What we *haven't* yet discussed is precisely how we model the features in the Spam v. Ham setting.

In general, will the order that words appear in a sentence be important for some *classification* task?

This answer's a bit tricky: in general, it's arguable that "yes" word ordering is important (e.g., in sentiment analysis wherein the order can matter [especially with negations like "not" preceeding some otherwise "good" word]), but in our case, since we're just trying to examine the association between the words and some class, we might be able to get away with the simpler problem of ignoring order.

Intuitively, we can (in pursuit of labeling as spam or not) deduce the likely spam content of the following two sentences, even when, in the second, the order of the words are not grammatically correct:

DRUGS FOR SALE HERE BIG DISCOUNTS
DISCOUNTS FOR HERE DRUGS SALE BIG

As such, for NBCs, we'll adopt a word-order-independent model known as a "bag of words."

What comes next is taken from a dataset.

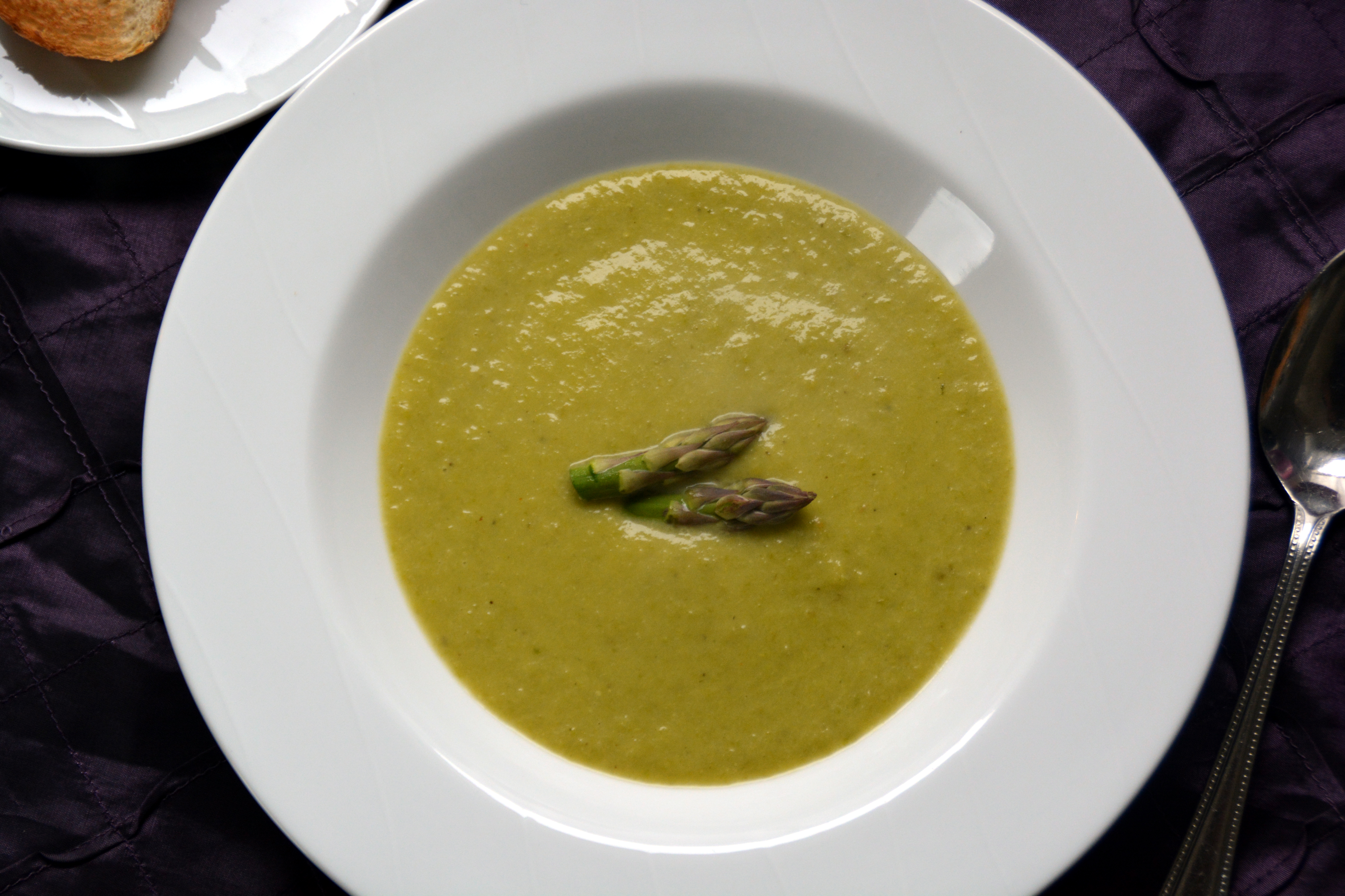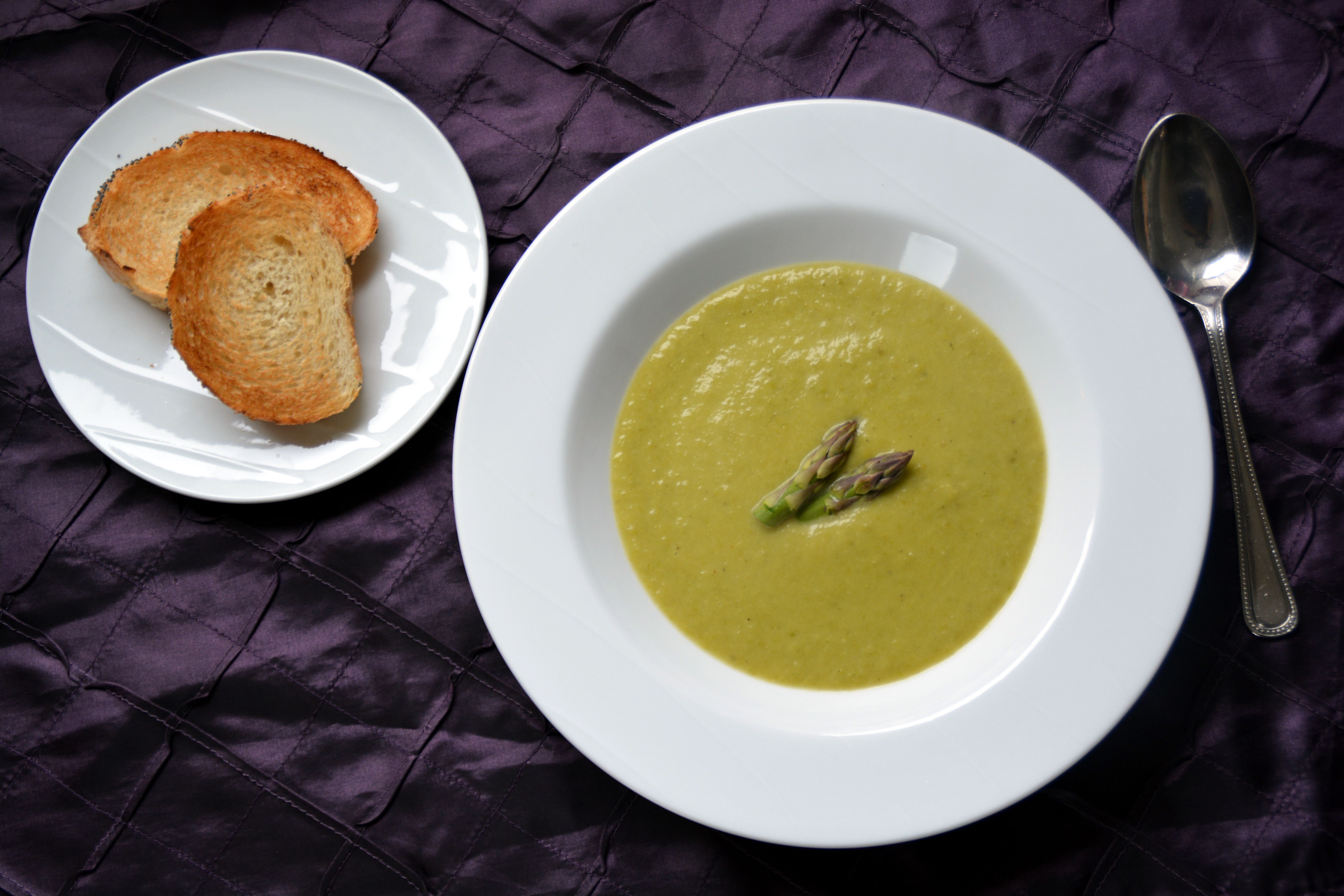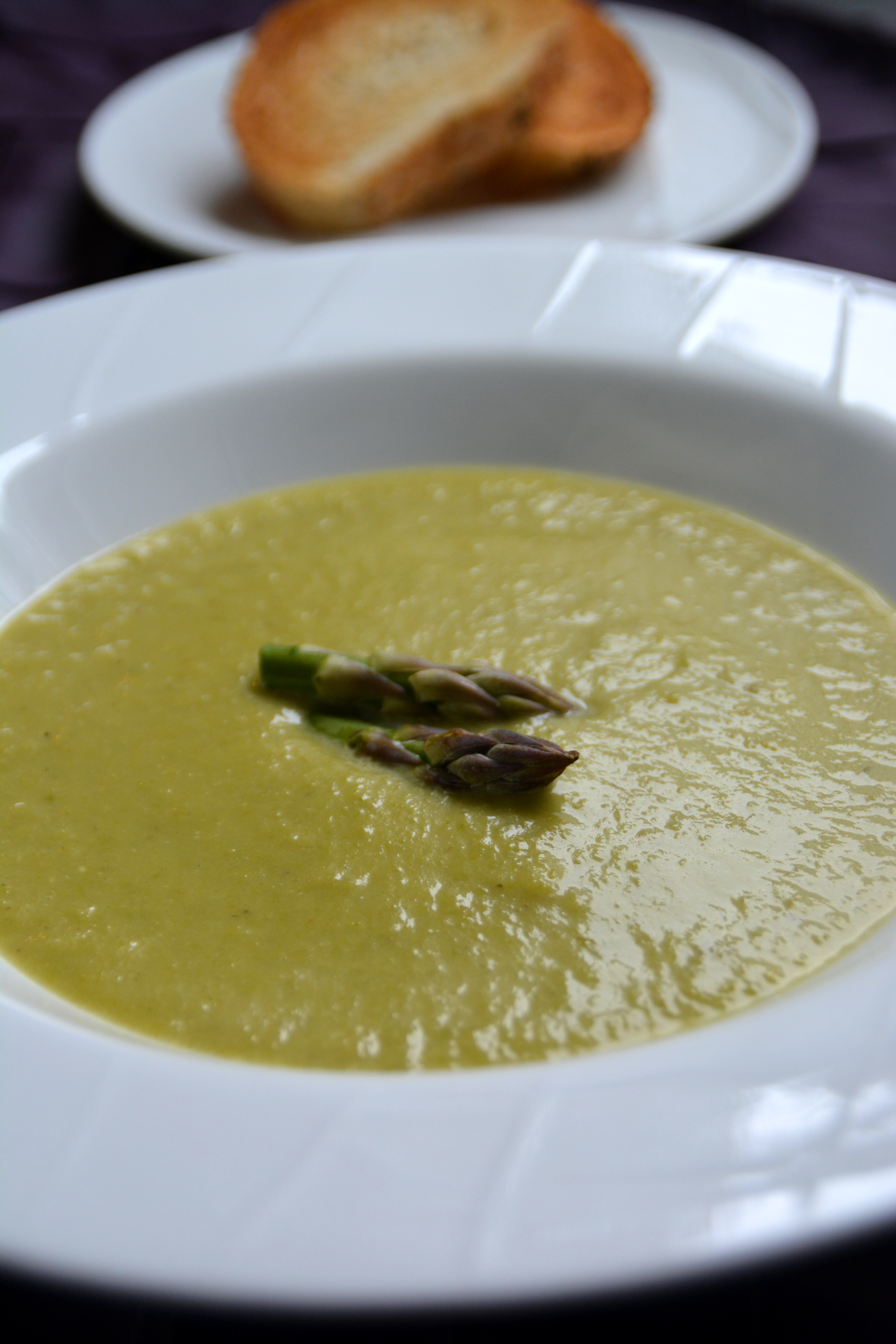 Bland med håndmikser på en glatt krem, ikke glem å spare noen aspargeshoder for dekorering.

In bag-of-words models, each word position $W_i$ is identically distributed such that, for class $Y$: $$P(W_i | Y) = P(W_j | Y)~\forall~i, j$$

Let's try a simple example to concrete the ideas above...

Practice

Consider the following NBC that has been trained on a dataset from our motivating advertising engine example, producing the CPTs below:

What would we classify a message with the text "discount drugs sale"? Spam $Y=0$ or ham $Y=1$?

Comparing our two classes: $$\begin{eqnarray} P(Y = 0) P(W_0 = discount | Y = 0) P(W_1 = drugs | Y = 0) P(W_2 = sale | Y = 0) &\stackrel{?}{>}& \\ P(Y = 1) P(W_0 = discount | Y = 1) P(W_1 = drugs | Y = 1) P(W_2 = sale | Y = 1) \\ 0.8 * 0.2 * 0.3 * 0.4 &\stackrel{?}{>}& 0.2 * 0.2 * 0.2 * 0.3 \\ 0.0192 &>& 0.0024 \end{eqnarray}$$ Therefore, we conclude that $Y = 0$ is the more likely class (we assert that this message is spam).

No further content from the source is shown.